According to Olkhovskiy, 2023 will be “a landmark year” for FlyFeed as it will complete the construction of its first insect factory in southern Vietnam.

“It will be equipped with leading technical solutions such as data-driven climate control and computer vision to analyze larval development. The production capacity is 17,500 tons of insect products per year, which is achieved by processing 40,000 tons of local agricultural waste,” he comments.

FlyFeed has signed preliminary agreements worth US$10 million for the sale of protein and fat components worldwide, including the European animal feed and aquaculture feed markets.

In addition, the Vietnamese government is very supportive of FlyFeed and insect farming in general and is willing to develop legal infrastructure for such a novel industry, he said. FlyFeed is an international insect farming start-up that aims to reduce global malnutrition by producing the world’s cheapest animal protein.

“We have developed a unique approach to substrate preparation to grow BSF year-round with seasonal agricultural leftovers. This is crucial for strengthening the consistent circular economy. The electrical energy required to run the production mainly comes from nearby hydroelectric power plants and our own solar panels,” explains Olkhovskiy.

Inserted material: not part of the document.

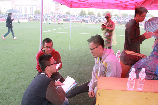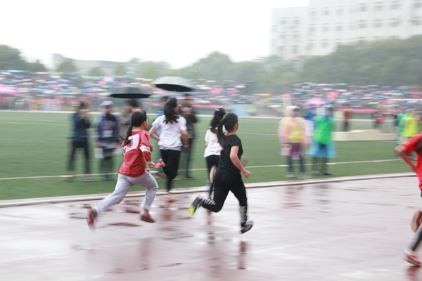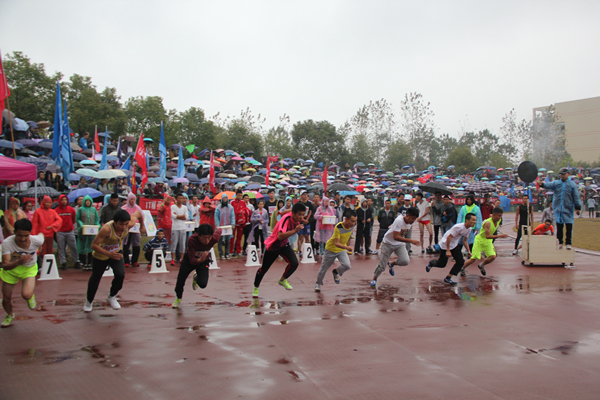 天空飘着小雨,风中带着些许寒意,但场上气氛一点都不冷清。运动健儿们顽强、奋力拼搏,为集体而战,为荣誉而战。观众席的掌声也不绝于耳,全场充满了激情的欢呼与热烈的呐喊。虽然100米赛跑只有短短10多秒,但气氛紧张,扣人心弦。随着一声发令枪响,运动员们像离弦之箭一样飞出起跑线,途中达到最大速度,最后全力冲刺。无论是第几名,迎接他们的都是欢呼与笑容,他们都是学院的骄傲。

BSF larvae are extremely high in protein and fat, so the main focus of processing is to separate the oil from the rest of the meal. Olkhovskiy says it’s no secret that the technologies for this purpose are well developed in the meat and fish processing industry.

“The tricky part is getting them properly attached in our tiny ways while still meeting the product specifications our customers demand.”

There are two main approaches to processing insects: dry and wet processing. According to Olkhovskiy, each of them has its advantages and disadvantages, depending on the regulations, the size of the production and the needs of customers. “For the first factory, we committed to implementing a wet utilization process because we aim to produce a higher quality protein.”

Diversify the future
Olkhovskiy sees the main direction in the globalization of insect breeding, which the industry will continue to pursue in the coming years.

“This includes the global spread of insect-based meals by adapting them to local habits. The trend we are currently seeing is geographical diversification of production: industrial insect farming originated in the US and EU, but now more and more companies are successfully starting production in South Africa, Malaysia, South Korea and Brazil,” he explains.

“We are excited to be part of this evolving industry that aims to keep our planet livable for future generations and to provide essential products, new technologies and job opportunities to local communities around the world. Our goal is to expand beyond the first factory in Vietnam to nearby regions with established demand for insect food to better feed the world,” he concludes.